DFurnes commented Mar 27, 2017

Interesting – I'm getting a successful response when querying Phoenix's /api/v1/signups endpoint with my Northstar or Drupal ID, but an empty response when I use Northstar proxy...

# good, returns full response
curl "https://www.dosomething.org/api/v1/signups?count=10&user=5543dfd6469c64ec7d8b46b3" \

# good, returns full response
curl "https://www.dosomething.org/api/v1/signups?count=10&user=1258186" \

# bad, returns { "data": [] }
curl "https://northstar.dosomething.org/v1/signups?user=5543dfd6469c64ec7d8b46b3&count=10" \
     -H "Accept: application/json" \
     -H "Authorization: Bearer ***** Hidden credentials *****" \
     -H "Content-Type: application/json; charset=utf-8"

@DFurnes
Copy link
Contributor Author

DFurnes commented Mar 27, 2017

For the Northstar empty-response, my guess is that something weird is happening with how the drupalIdForNorthstarId method in Northstar interacts with the new ID logic in Phoenix.
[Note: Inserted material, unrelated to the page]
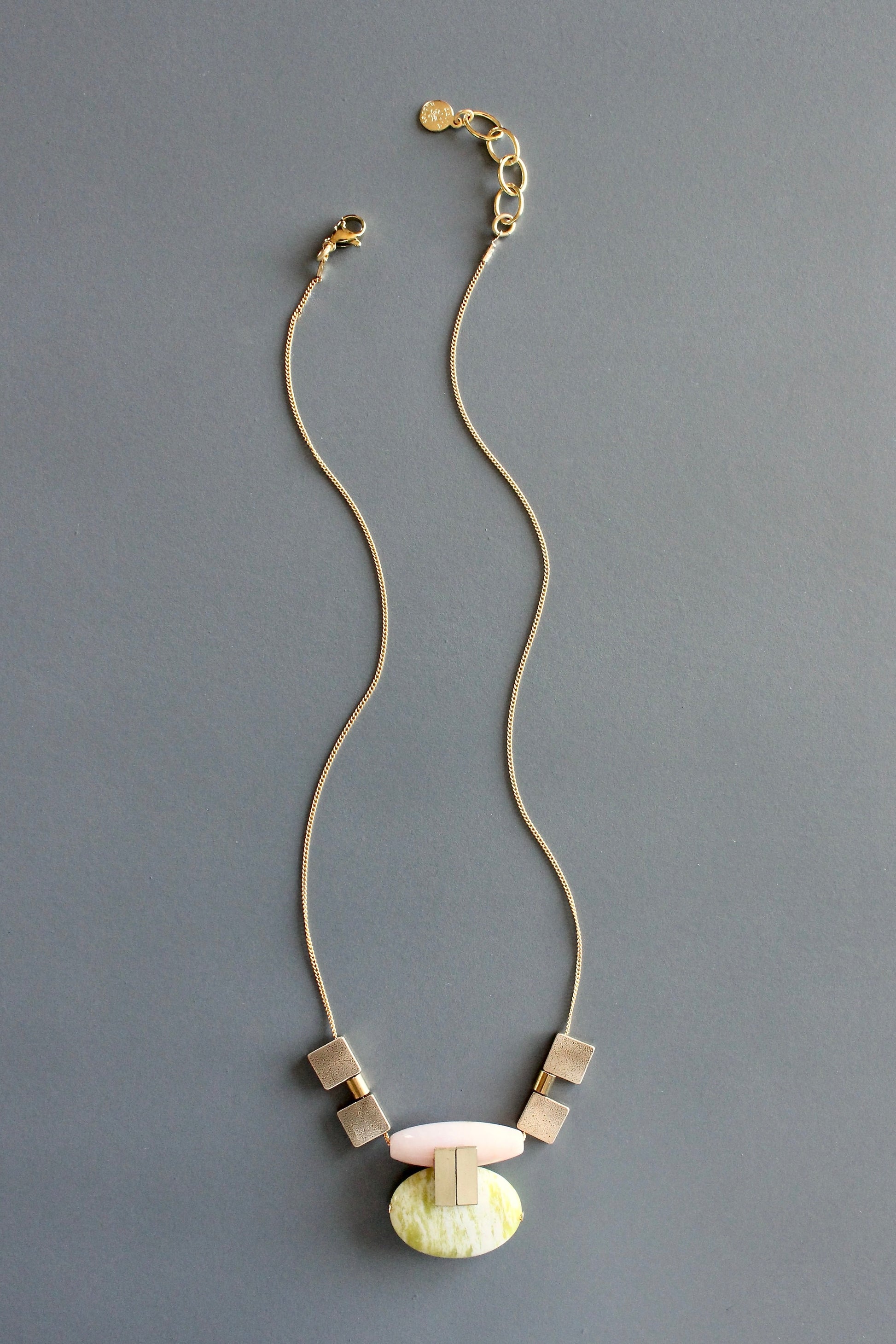 Mixed blush and yellow jade stone beads with brass square accents on gold tone plated chain. Measures 16 inches long. 1 inch extender.

But not really sure if that's the issue since we're seeing timeouts.

@aaronschachter
Copy link
Contributor

I made and deployed the change in Gambit today to query Phoenix instead of Northstar (https://github.com/DoSomething/gambit/pull/830) per https://dosomething.slack.com/archives/C02BBRN5A/p1490634446294290

If the Northstar proxy stays broken, the mobile apps stay broken.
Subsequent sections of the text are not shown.